Numerical debugging

I spent an enormous fraction of this week helping students debug numerical code. Since I keep repeating the same things in these conversations, it probably makes sense to write a few of them down.

Start small

In general, it’s easier to debug a five line routine that does one basic task than to debug a thirty line routine that does six things. You’d really rather not be in the position of having to look at several hundred or thousand lines of code in order to diagnose a problem that some basic sanity checks would have caught when you were looking at a much smaller code segment.

Show pictures

One of the beautiful things about numerical code is that the results can often be interpreted in terms of pictures – and it’s often easier to see wrong behavior in a picture than in a table of numbers. You can get terrific insight from looking at convergence plots, visualizations of solutions, plots of functions that you’re supposedly minimizing, etc.

Use consistent notation

If you let n be a very small number, epsilon be a loop index, and i be a logical flag, you shouldn’t be surprised when you overlook a type error that should have been obvious. Even in very short code segments, notation matters.

Assert your invariants

It’s often easy to check that an output satisfies some basic properties (such as satisfying an equation or a range condition). If something is going wrong in a sequence of steps and you’re not sure where, it makes sense to explicitly test at each step that the output of one step (and input of the next) satisfies the properties you think it ought to have.

Write unit tests

It’s a useful skill to decide in advance what properties each function is supposed to have, and to write a little test script that makes sure your functions do indeed have the right properties. And if you’ve gone to the trouble of writing a test, it might be worth keeping it around for later.

Think about hard cases

If there is a singular case that could cause your code to face plant, you should make sure to check that your code handles that case (and nearby problems) with some modicum of grace.

Beware non-fatal errors

Watch out for code that “works” on the first try. Are you getting the speed and accuracy you expected? For example, Newton’s method converges (locally) quadratically to the solution to a nonlinear equation, but many almost-Newton methods converge linearly. If your code for Newton iteration converges, that doesn’t actually mean that you’ve computed all your derivatives correctly (for example) – it just means that you’re close enough to get something convergent. The difference will only show up if you look at details of the rate of convergence.

Beware error propogation

Watch out for ill-posed intermediate problems. Just because two codes are accurate on their own does not mean the composition of those codes will be accurate in arbitrary settings.

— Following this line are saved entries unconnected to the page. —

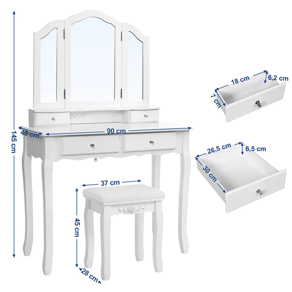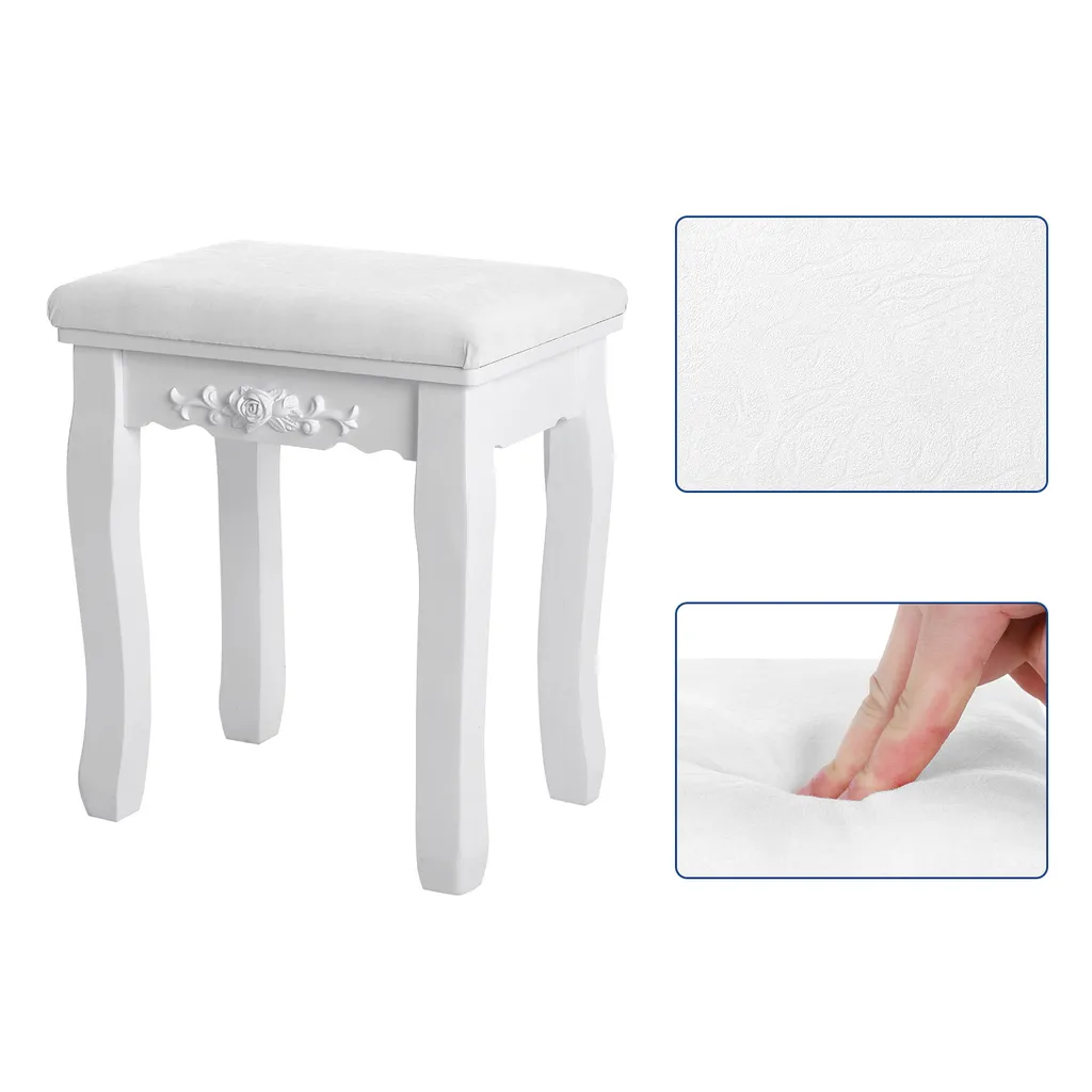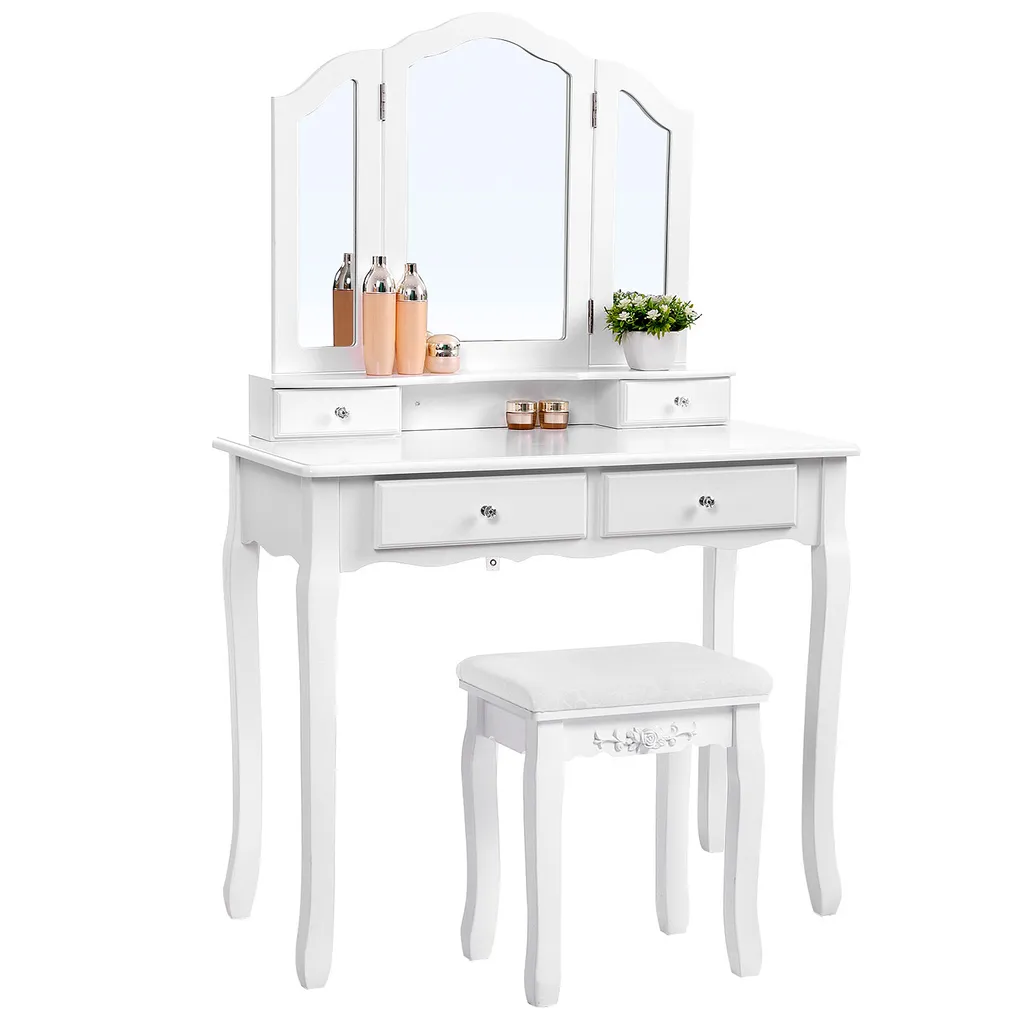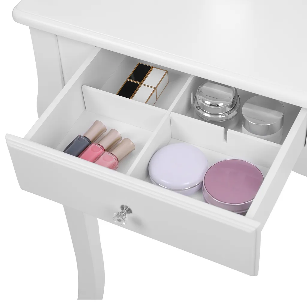 Schminktisch Mit Spiegel Und Hocker Frisiertisch Mit 4 Schubladen Inkl. 2 Stück Unterteiler Kosmetiktisch Mit Kippsicherung Weiß SONGMICS RDT07W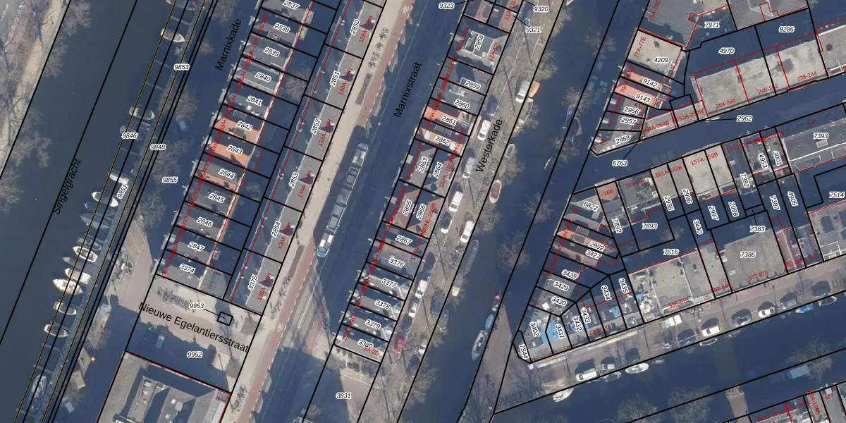Het adres is gelegen op perceel 2866 in de sectie L en de kadastrale gemeente Amsterdam. De kadastrale aanduiding is aldus ASD08-L-2866. De gemiddelde perceelgrootte in Amsterdam is 202,23 m². Dit perceel is kleiner: de perceeloppervlakte bedraagt 63 m². Het grootste perceel in de kadastrale gemeente is 3,3 ha. Het kleinste perceel heeft een oppervlakte van 0 m². Op het perceel liggen in totaal 8 adressen. De huidige grenzen van het perceel zijn digitaal in de Basisregistratie Kadaster (BRK) geregistreerd op 31-01-2007.
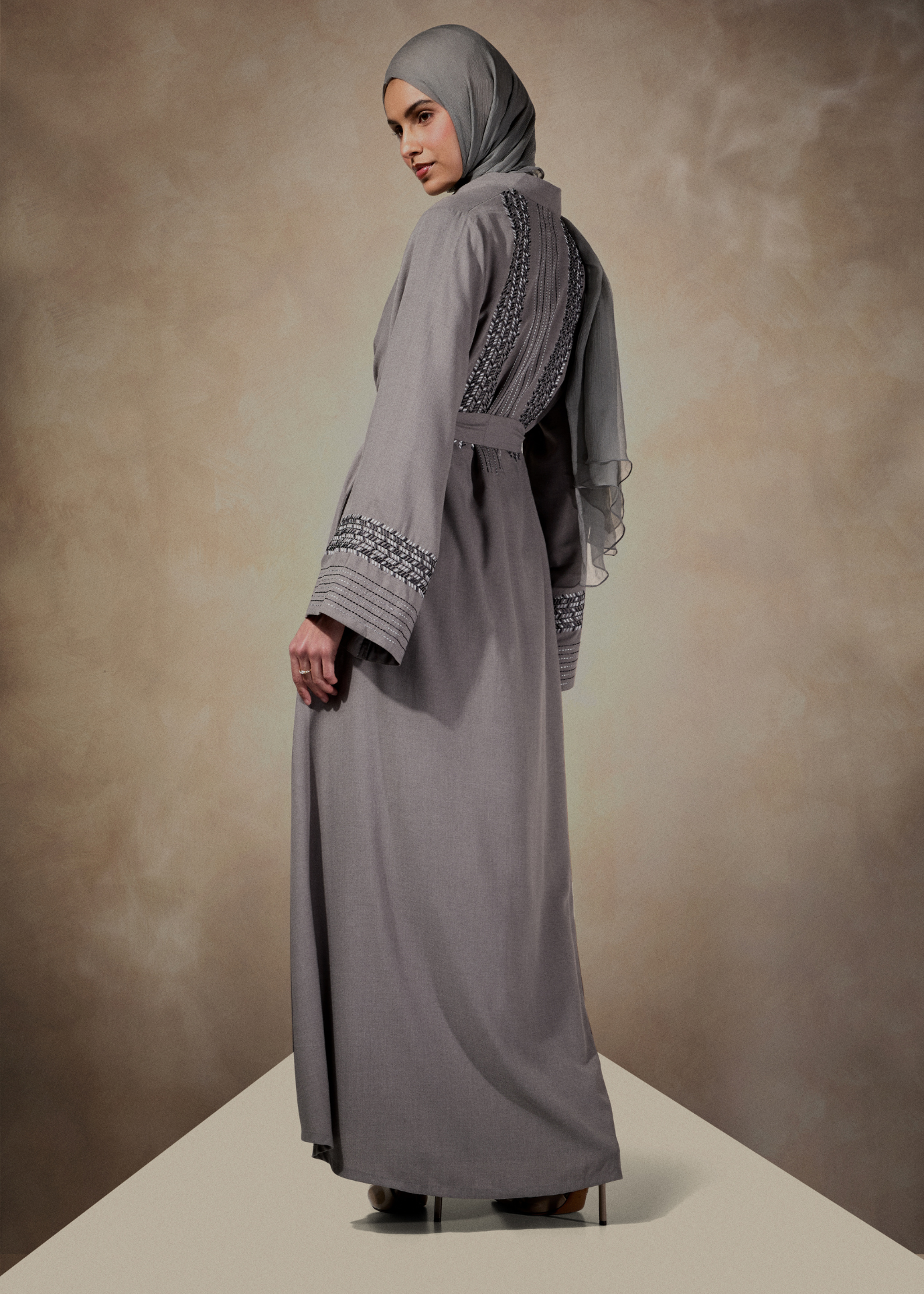 A boxy style kimono in a soft grey fabric featuring herringbone style embroidery on the back and cuffs. The tonal embroidery accentuates the outfit giving it a regal look and feel. Garment has a looser silhouette, but we recommend choosing your usual size.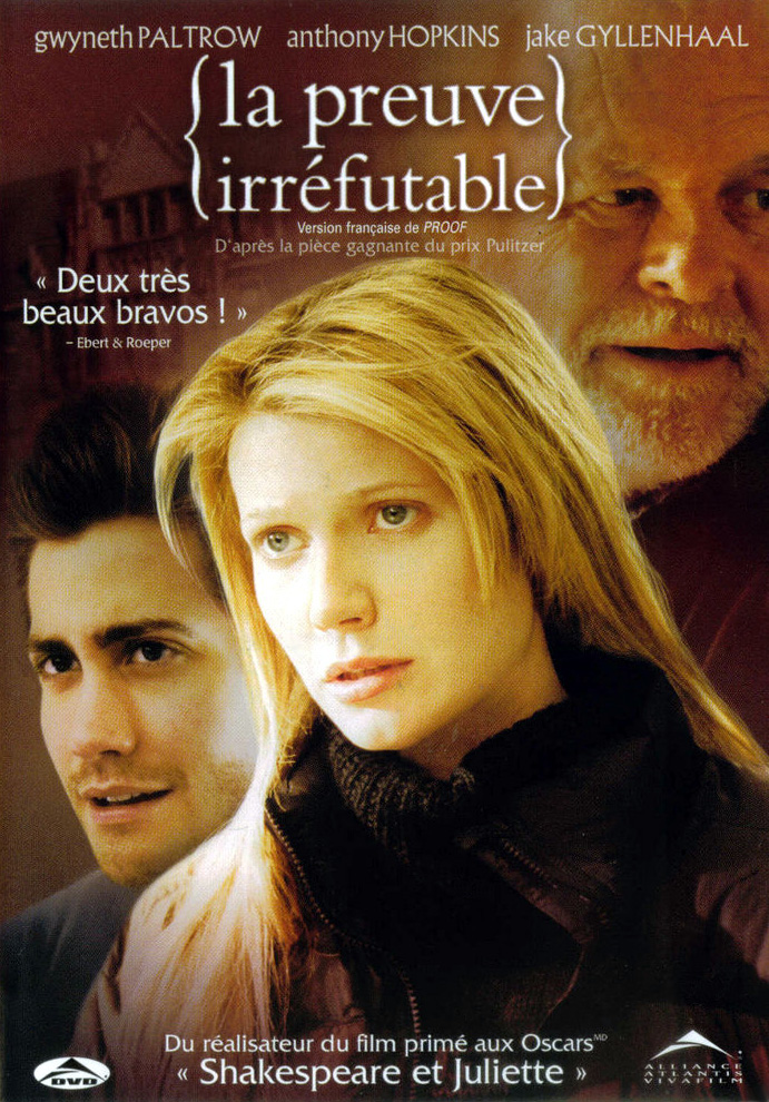 Synopsis : La fille d’un mathématicien de génie doit surmonter le décès de son père qui souffrait également d’instabilité mentale. Elle tente d’y parvenir avec l’aide d’un ancien élève de son père qui vient chercher des preuves de son génie alors que sa sœur, qu’elle n’a pas vue depuis longtemps, débarque pour mettre de l’ordre dans les affaires du paternel.

Not all errors are numerical

If Matlab tells you that you’re trying to solve a nearly-singular linear system, there may be some numerical issue in your problem formulation that you should worry about. Or you might have made an indexing mistake when you set up the matrix in the linear system. Think a little bit before ruling out the possibility that your bug might have nothing to do with numerical subtleties and everything to do with good old-fashioned off-by-one mistakes.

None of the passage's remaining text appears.